Выверенным движением профессор опрокинул рюмку в похожий на прорезь почтового ящика рот, отер губы накрахмаленной салфеточкой. Мокей без колебаний последовал его примеру. Шепетуха все больше ему нравился. Семен Аркадьевич тем временем отложил в сторону тревожившие его проблемы и навалился на закуски. Суетившийся вокруг официант не успевал подносить все новую и новую снедь, давно уже вышедшую за скупые рамки рыбного ассортимента. В садике за открытым окном чирикали птички и остро пахло травой, на Серпухина вдруг нахлынуло чувство сытого покоя и удовлетворения. Бывают в жизни приятные моменты, когда нет надобности никуда спешить и можно просто сидеть, наслаждаясь неспешной беседой с умным и приятным тебе человеком.

Однако последовавшие за этим слова Шепетухи никак не способствовали сохранению и преумножению этой благости.

— Поскольку мы так славно сошлись и друг друга понимаем, — сказал Семен Аркадьевич, настраиваясь на деловой лад, — мне бы хотелось поговорить с вами о вещах принципиальных и совершенно конкретных. Может быть, для кого-то это пустые слова, но, мне кажется, мы оба сознаем свою ответственность перед людьми, чтобы не сказать — перед народом, хотя это было бы только правильно!

Действуя как бы рефлекторно и одновременно заполняя естественно образовавшуюся паузу, Шепетуха разлил коньяк, а подумав, наполнил бургундским и большие, предназначенные для воды бокалы. Пригубил вино, поднял на Мокея глаза:

— Не думаете ли вы, что пора создать организацию или, если угодно, народное движение, которое помогало бы людям жить! Я не имею в виду материальную сторону бытия, а лишь духовную, что значительно важнее…

Всякое мог ожидать Серпухин, но такой поворот темы поверг его в изумление. Ладно бы сидели в студии перед телекамерами, там можно нести любую чушь, лишь бы складно, но к чему такая выспренность в ресторане? И ведь непохоже, что Шепетуха шутит. Мокей насторожился.

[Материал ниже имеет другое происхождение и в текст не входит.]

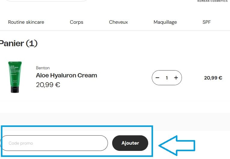 - Saisissez votre code de réduction MiiN Korean Cosmetics dans le champ “Code promo”.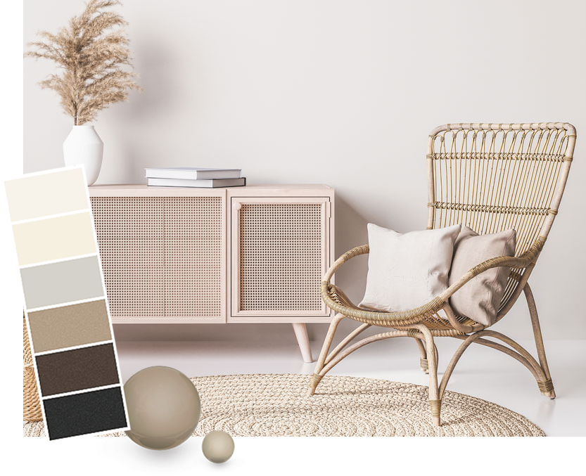 Eviniz rahatlama ve huzurun yeridir. Pürüzlü yüzeyler, fırçalanmış yüzeyler, karışık cila katmanları ve doğal malzemeler güzel bir sığınak yaratır. Doğal olarak kırık beyaz, açık kahverengi ve griler rahatlamak için rahat bir ortamın anahtarıdır. Ahşapla karıştırılan pirinç gibi fırçalanmış metaller modern bir kontrast sağlarken, yuvarlak şekiller ve yumuşak kumaşlar görünümü tamamlıyor.

Профессор между тем с самым серьезным видом продолжал:

— Вижу, вас мое предложение удивляет… — словно сожалея о том, он грустно улыбнулся. — Да-а, не привыкли мы говорить друг другу правду, не привыкли! О бабах, о футболе, о новой тачке — это пожалуйста, а о наболевшем, что камнем лежит на сердце, — молчок! Стараемся даже не вспоминать. А, спрашивается, почему? Разве есть в том что-то странное, что мы с вами, два хорошо образованных, интеллигентных и не слишком молодых человека, заговорили о насущном: о бедах и нуждах окружающих нас людей?..

Как если бы движимый накопившейся в душе горечью, Шепетуха поднял рюмку и опрокинул ее в с готовностью распахнутый рот.

— И материальная нищета, — скривился, закусил коньяк приготовленным бутербродиком с икоркой, — далеко не самое страшное, куда ужаснее нищета духовная! У людей отобрали иллюзии, а с ними и надежду на светлое будущее, вот в чем беда.

Да, никто не спорит, всеобщее равенство и братство были миражом, но это все же лучше, чем душевная пустота: мираж, по крайней мере, можно передать детям… — Потянулся к рюмке с бургундским, отпил несколько жадных глотков. Заметил совсем другим, светским тоном: — А винцо-то недурно! — Но, тут же себя приструнив, нахмурил узкий лобик. — Вот я и говорю, что настало время действовать. Все мы горазды играть словами, а люди ждут от нас, интеллектуалов, конкретных дел. — Подал официанту знак нести горячее. — В этом я вижу задачу мыслящих людей России, нашу с тобой задачу!.. Ну, что уставился на меня, борцов за народное счастье не видел? Я пью, и ты пей! А теперь закусывай! Нам с тобой много еще предстоит вместе выпи… то есть совершить. Ты и я, мы грудью встанем, но не допустим стирания грани между людьми и животным миром! Куда, к примеру, спрошу я тебя, подевалась наша хваленая культура?..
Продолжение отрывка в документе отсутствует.